Excerpted records →
========

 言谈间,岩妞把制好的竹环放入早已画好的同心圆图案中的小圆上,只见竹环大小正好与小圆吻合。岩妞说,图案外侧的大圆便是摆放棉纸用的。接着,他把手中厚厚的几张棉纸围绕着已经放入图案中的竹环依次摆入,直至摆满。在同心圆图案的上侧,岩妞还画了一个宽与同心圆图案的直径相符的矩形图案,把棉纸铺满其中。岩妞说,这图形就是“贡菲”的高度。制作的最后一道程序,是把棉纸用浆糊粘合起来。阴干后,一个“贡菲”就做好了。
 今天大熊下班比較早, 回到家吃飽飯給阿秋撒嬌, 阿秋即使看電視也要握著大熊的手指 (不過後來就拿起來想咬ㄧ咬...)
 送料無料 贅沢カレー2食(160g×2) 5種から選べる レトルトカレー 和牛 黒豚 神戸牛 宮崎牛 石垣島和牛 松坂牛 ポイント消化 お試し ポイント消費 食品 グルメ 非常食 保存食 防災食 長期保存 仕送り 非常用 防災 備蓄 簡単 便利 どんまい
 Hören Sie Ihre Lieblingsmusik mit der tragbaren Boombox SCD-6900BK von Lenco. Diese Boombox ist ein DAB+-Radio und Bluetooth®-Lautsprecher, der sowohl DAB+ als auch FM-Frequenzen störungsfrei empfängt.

========

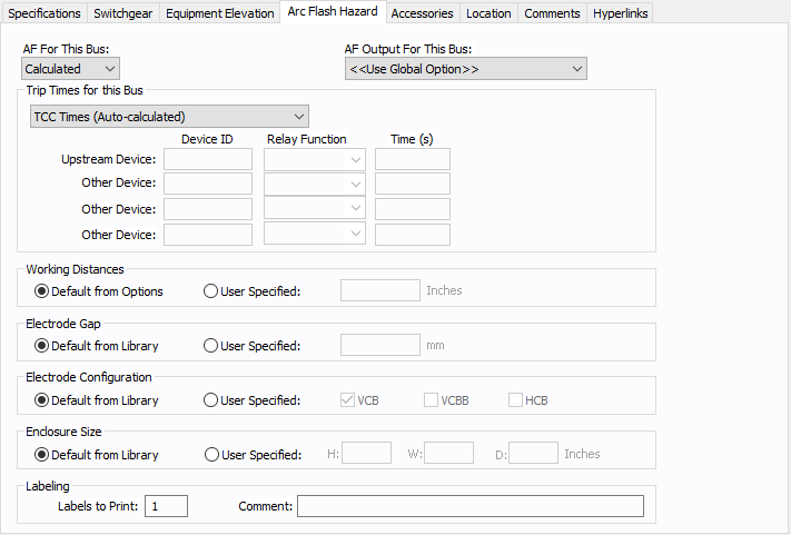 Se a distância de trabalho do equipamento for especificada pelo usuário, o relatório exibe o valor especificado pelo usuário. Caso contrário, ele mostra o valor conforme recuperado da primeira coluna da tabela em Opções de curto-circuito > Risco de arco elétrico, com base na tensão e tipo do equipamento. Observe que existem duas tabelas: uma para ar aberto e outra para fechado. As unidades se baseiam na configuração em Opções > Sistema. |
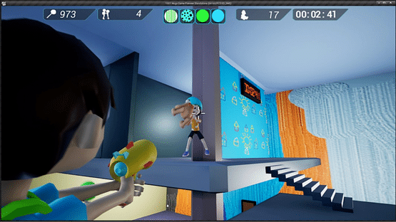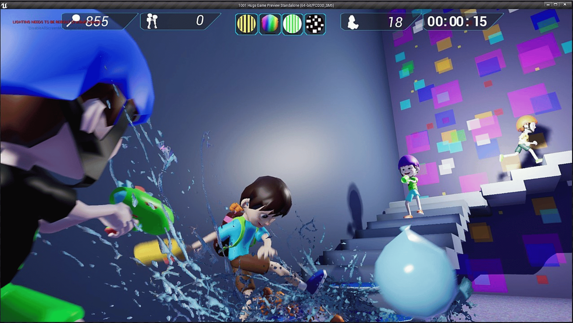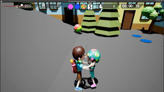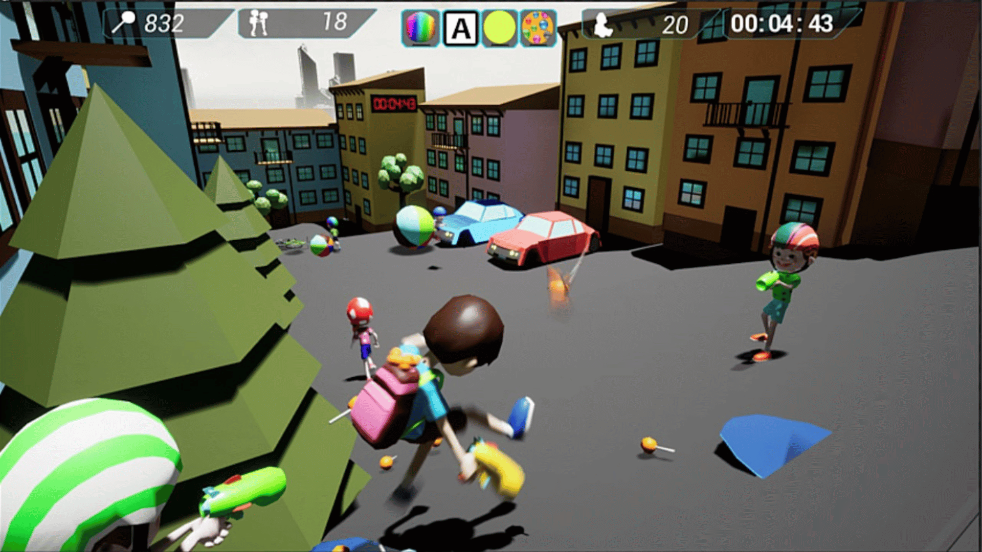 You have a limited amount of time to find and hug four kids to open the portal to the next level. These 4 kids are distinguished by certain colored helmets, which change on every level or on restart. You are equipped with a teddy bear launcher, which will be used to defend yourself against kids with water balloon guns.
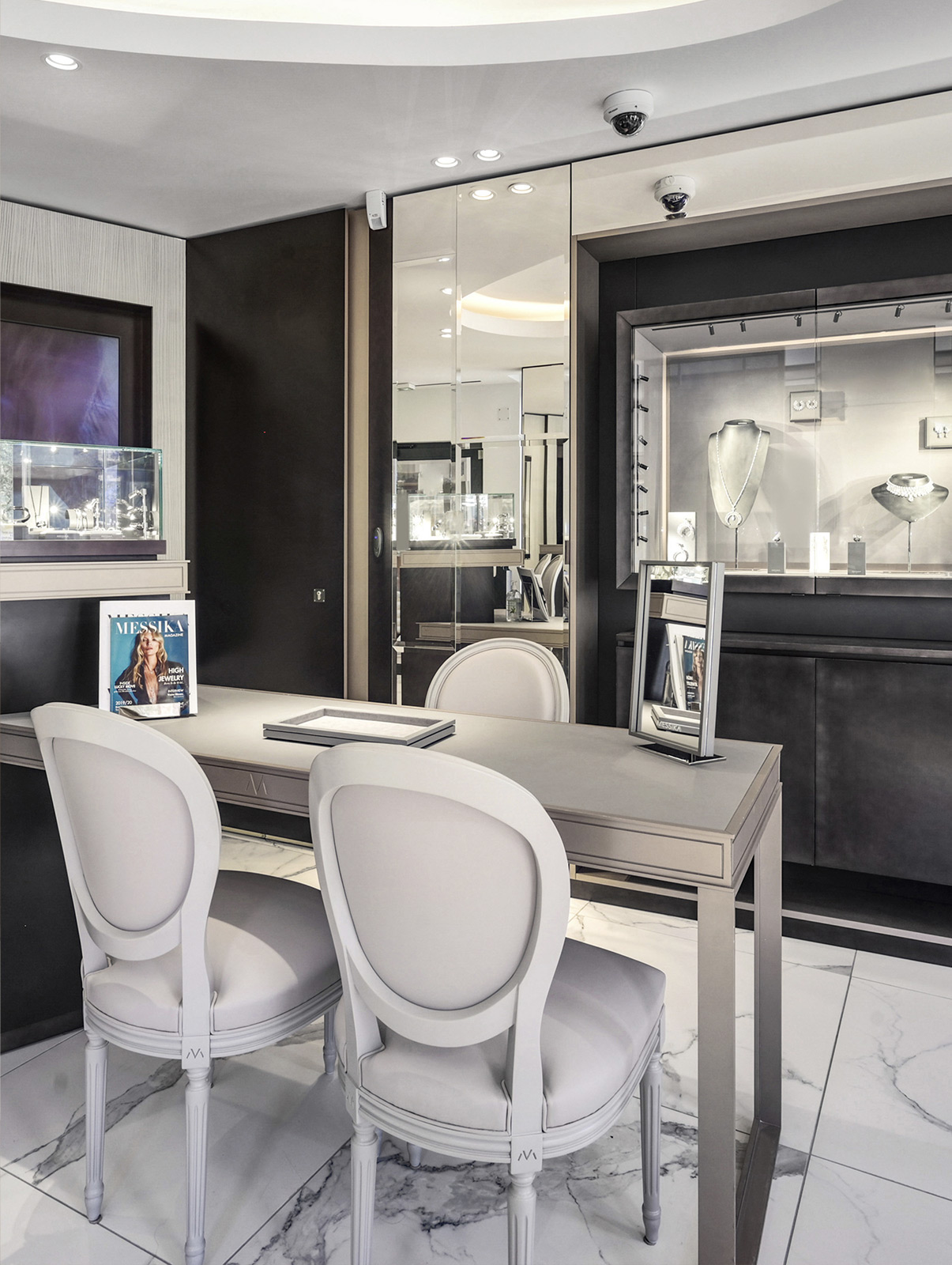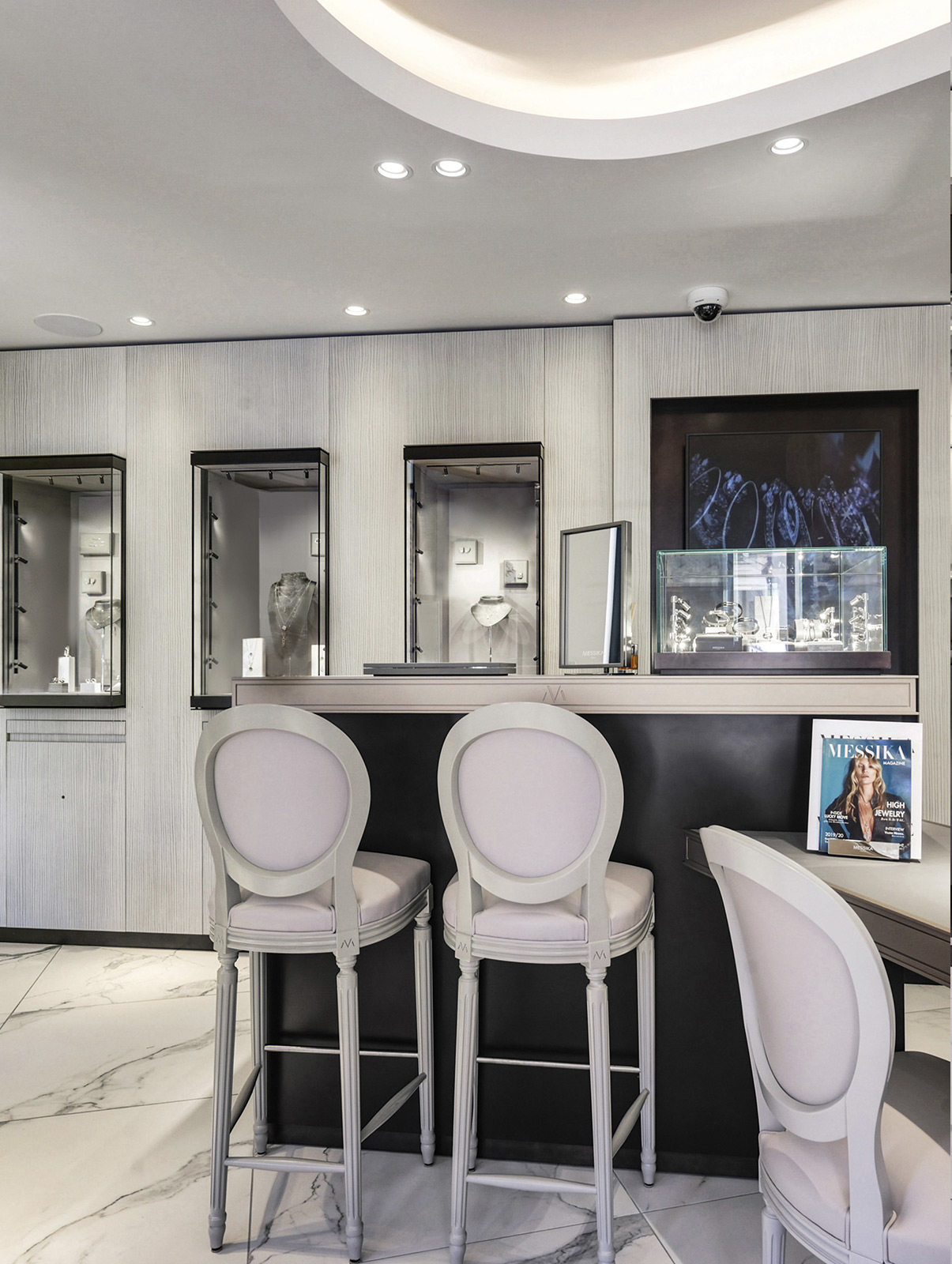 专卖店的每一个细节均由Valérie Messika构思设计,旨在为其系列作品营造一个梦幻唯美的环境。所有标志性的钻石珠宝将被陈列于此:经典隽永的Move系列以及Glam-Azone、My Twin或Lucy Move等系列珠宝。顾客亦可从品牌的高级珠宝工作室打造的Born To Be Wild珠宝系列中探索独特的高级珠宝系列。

========

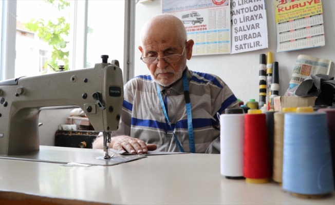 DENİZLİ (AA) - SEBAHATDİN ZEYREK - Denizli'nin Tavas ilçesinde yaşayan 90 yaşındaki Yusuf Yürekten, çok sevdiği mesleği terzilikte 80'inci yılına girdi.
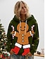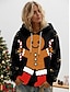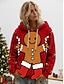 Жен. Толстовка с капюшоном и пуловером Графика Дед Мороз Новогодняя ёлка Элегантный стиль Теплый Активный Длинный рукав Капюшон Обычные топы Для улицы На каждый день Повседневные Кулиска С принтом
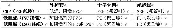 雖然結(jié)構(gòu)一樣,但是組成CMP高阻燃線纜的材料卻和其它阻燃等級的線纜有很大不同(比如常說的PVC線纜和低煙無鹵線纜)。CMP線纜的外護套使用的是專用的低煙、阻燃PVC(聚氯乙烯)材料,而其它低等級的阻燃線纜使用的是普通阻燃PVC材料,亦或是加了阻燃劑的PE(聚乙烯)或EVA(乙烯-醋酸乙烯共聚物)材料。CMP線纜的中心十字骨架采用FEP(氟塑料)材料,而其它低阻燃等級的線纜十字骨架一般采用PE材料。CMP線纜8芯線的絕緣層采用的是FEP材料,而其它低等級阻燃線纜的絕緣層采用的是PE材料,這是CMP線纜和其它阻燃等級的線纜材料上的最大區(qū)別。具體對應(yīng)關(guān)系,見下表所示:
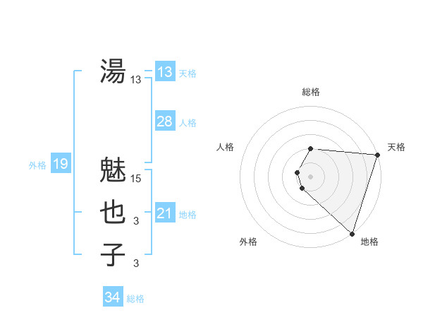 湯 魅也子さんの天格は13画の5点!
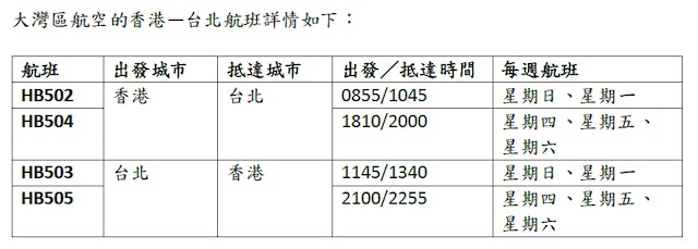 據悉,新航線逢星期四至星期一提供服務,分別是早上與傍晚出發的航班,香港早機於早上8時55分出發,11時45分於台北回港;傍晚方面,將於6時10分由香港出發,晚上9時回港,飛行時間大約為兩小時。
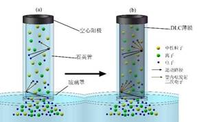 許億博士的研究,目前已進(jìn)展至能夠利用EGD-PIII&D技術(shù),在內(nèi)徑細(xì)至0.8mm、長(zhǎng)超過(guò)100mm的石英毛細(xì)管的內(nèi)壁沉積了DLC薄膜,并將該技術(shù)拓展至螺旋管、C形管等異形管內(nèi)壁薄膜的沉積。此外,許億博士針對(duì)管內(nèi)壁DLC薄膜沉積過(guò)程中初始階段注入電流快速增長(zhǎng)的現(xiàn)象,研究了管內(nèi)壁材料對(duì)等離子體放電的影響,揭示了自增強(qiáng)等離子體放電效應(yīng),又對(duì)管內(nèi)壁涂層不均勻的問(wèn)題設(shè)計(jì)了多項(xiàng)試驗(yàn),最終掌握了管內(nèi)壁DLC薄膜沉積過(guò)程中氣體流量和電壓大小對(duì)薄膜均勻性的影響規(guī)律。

========

Task statement → Only one part of the material above is wanted: the lines from the one with "You have a limited" up to and including the one with "To Be Wild珠宝系列中探索独特的高级珠宝系列。". Please copy them exactly, pictures left out.

Result of this task →
 You have a limited amount of time to find and hug four kids to open the portal to the next level. These 4 kids are distinguished by certain colored helmets, which change on every level or on restart. You are equipped with a teddy bear launcher, which will be used to defend yourself against kids with water balloon guns.
 专卖店的每一个细节均由Valérie Messika构思设计,旨在为其系列作品营造一个梦幻唯美的环境。所有标志性的钻石珠宝将被陈列于此:经典隽永的Move系列以及Glam-Azone、My Twin或Lucy Move等系列珠宝。顾客亦可从品牌的高级珠宝工作室打造的Born To Be Wild珠宝系列中探索独特的高级珠宝系列。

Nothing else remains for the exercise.